[[ RAW DATA, beginning ]]

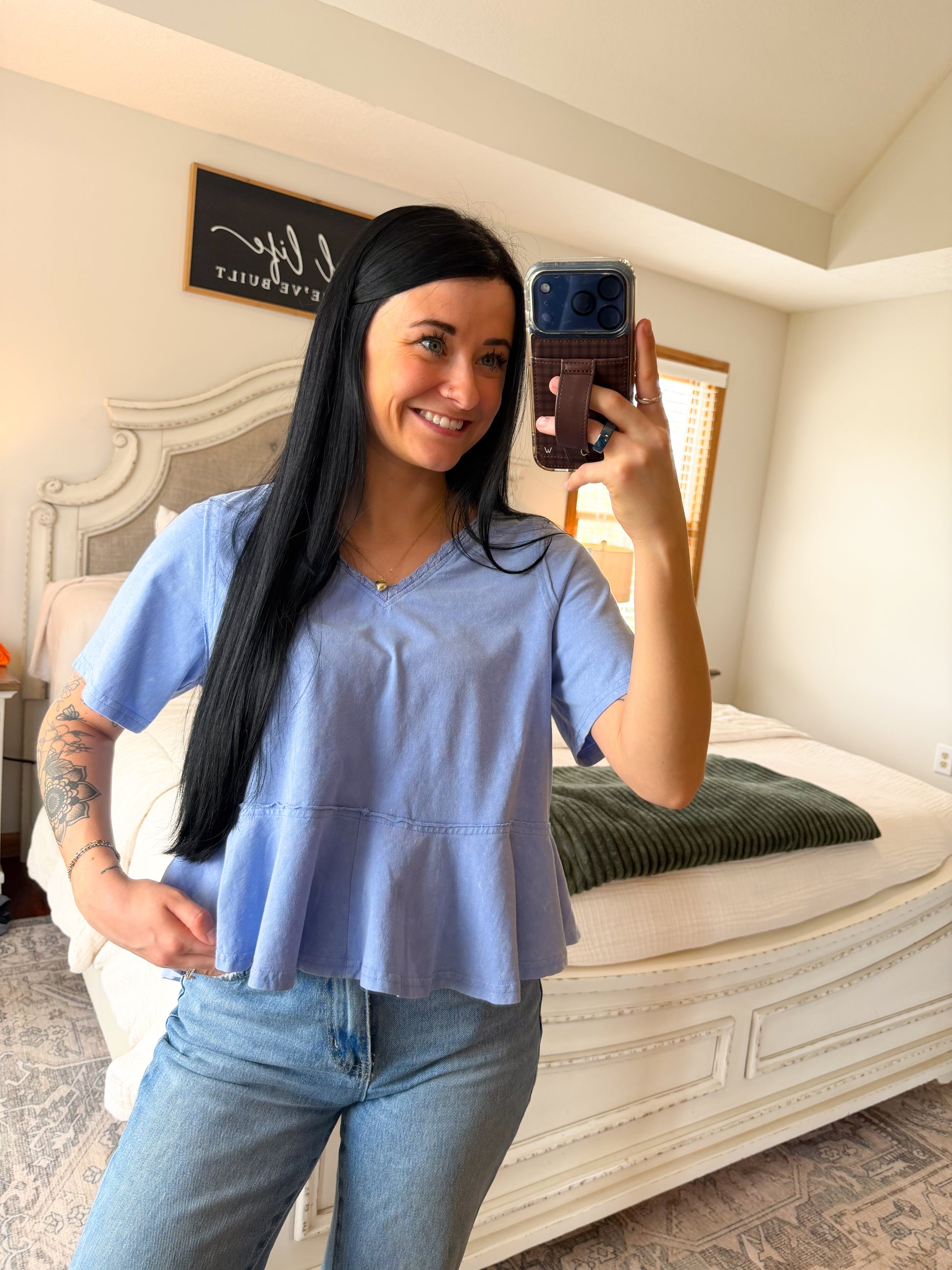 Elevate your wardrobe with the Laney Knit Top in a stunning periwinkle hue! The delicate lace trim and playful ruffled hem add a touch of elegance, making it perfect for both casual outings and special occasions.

[[ RAW DATA, end ]]
[[ RAW DATA, beginning ]]

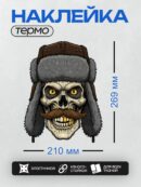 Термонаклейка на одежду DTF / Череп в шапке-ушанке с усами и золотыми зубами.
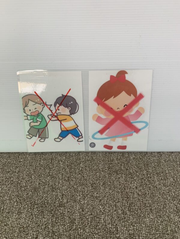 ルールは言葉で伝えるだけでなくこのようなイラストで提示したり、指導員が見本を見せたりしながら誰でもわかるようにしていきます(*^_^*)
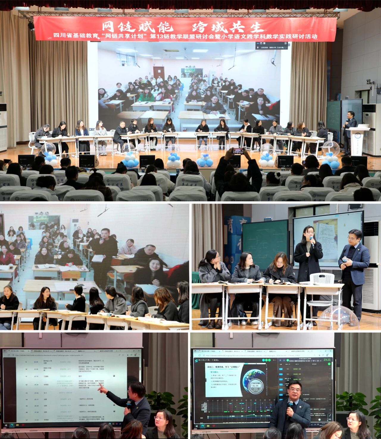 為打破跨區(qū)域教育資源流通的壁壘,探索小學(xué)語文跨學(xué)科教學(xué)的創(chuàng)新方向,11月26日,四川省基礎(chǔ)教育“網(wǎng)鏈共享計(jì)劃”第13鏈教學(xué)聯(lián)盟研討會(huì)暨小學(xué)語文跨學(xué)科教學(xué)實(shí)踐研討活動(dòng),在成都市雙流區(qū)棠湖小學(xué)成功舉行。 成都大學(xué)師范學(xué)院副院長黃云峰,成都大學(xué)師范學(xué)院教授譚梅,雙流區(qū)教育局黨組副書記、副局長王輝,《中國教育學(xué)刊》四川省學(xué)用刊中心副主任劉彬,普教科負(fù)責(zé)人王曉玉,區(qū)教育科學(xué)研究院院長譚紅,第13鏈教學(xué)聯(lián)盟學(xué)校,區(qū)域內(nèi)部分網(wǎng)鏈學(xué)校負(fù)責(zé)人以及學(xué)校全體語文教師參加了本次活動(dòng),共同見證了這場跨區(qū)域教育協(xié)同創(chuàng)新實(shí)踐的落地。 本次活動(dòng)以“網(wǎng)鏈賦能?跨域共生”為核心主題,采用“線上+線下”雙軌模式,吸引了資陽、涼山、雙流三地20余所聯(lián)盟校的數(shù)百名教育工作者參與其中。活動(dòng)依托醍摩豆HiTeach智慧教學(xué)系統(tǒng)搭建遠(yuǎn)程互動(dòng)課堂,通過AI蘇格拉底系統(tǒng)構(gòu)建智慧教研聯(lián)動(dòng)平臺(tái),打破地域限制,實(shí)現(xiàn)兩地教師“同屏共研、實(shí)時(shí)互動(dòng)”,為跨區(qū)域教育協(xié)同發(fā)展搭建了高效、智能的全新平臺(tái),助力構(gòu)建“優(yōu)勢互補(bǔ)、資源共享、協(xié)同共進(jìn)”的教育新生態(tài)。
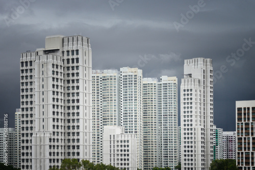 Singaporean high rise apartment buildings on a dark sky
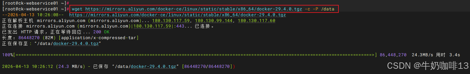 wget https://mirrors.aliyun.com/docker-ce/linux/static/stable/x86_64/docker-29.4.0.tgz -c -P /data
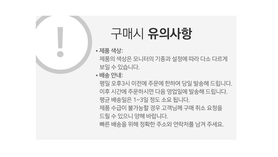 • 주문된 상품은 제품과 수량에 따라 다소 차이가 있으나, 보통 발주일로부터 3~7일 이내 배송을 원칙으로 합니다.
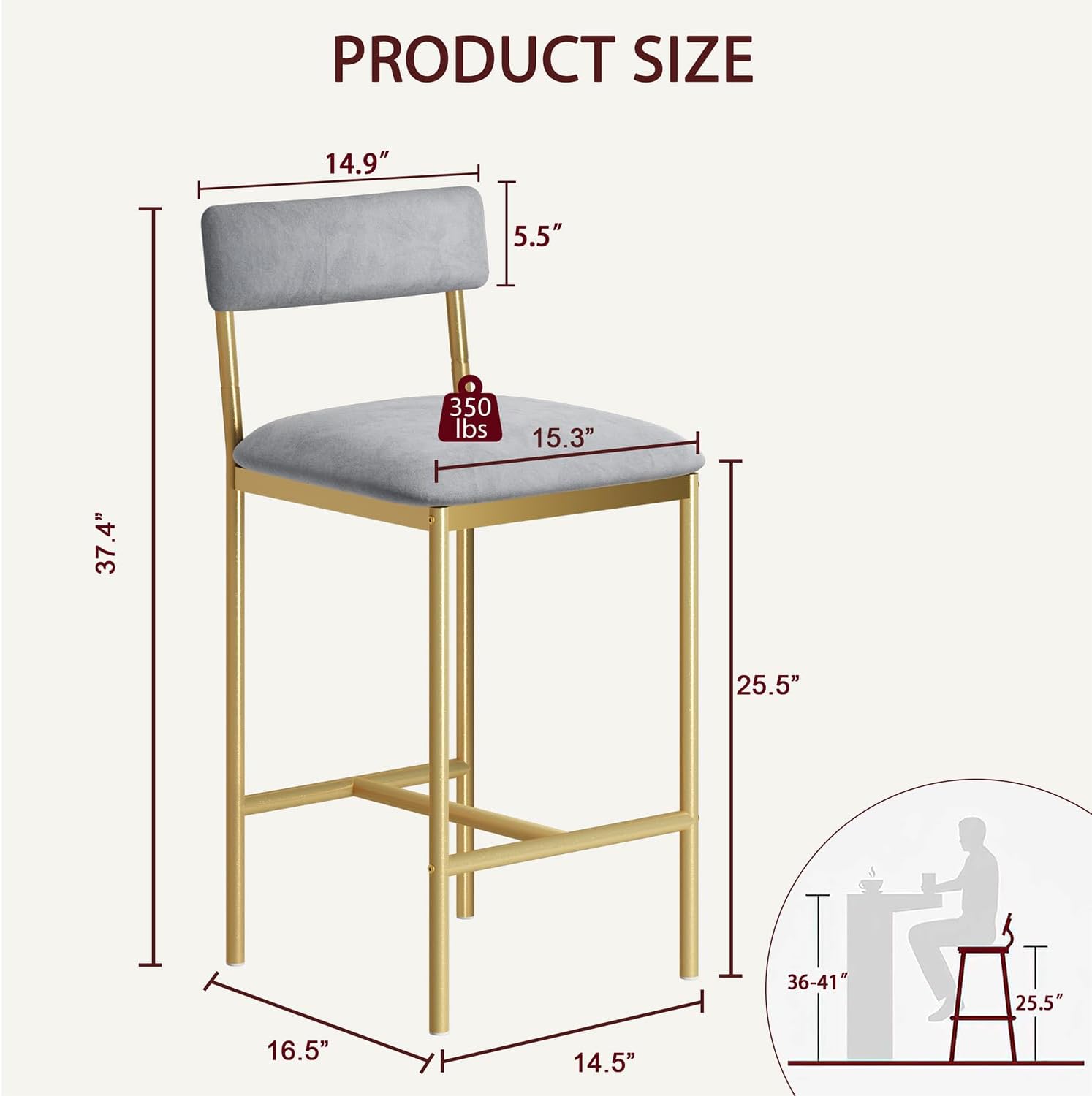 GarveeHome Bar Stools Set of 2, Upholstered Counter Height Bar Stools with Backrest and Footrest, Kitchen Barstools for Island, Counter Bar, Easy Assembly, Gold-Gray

[[ RAW DATA, end ]]

Here the job is to copy the stretch of records from the line containing "-c -P /data" through the line containing "GarveeHome Bar Stools", word for word. Leave every picture out.

◆ **COMPLETED EXERCISE**:
 wget https://mirrors.aliyun.com/docker-ce/linux/static/stable/x86_64/docker-29.4.0.tgz -c -P /data
 • 주문된 상품은 제품과 수량에 따라 다소 차이가 있으나, 보통 발주일로부터 3~7일 이내 배송을 원칙으로 합니다.
 GarveeHome Bar Stools Set of 2, Upholstered Counter Height Bar Stools with Backrest and Footrest, Kitchen Barstools for Island, Counter Bar, Easy Assembly, Gold-Gray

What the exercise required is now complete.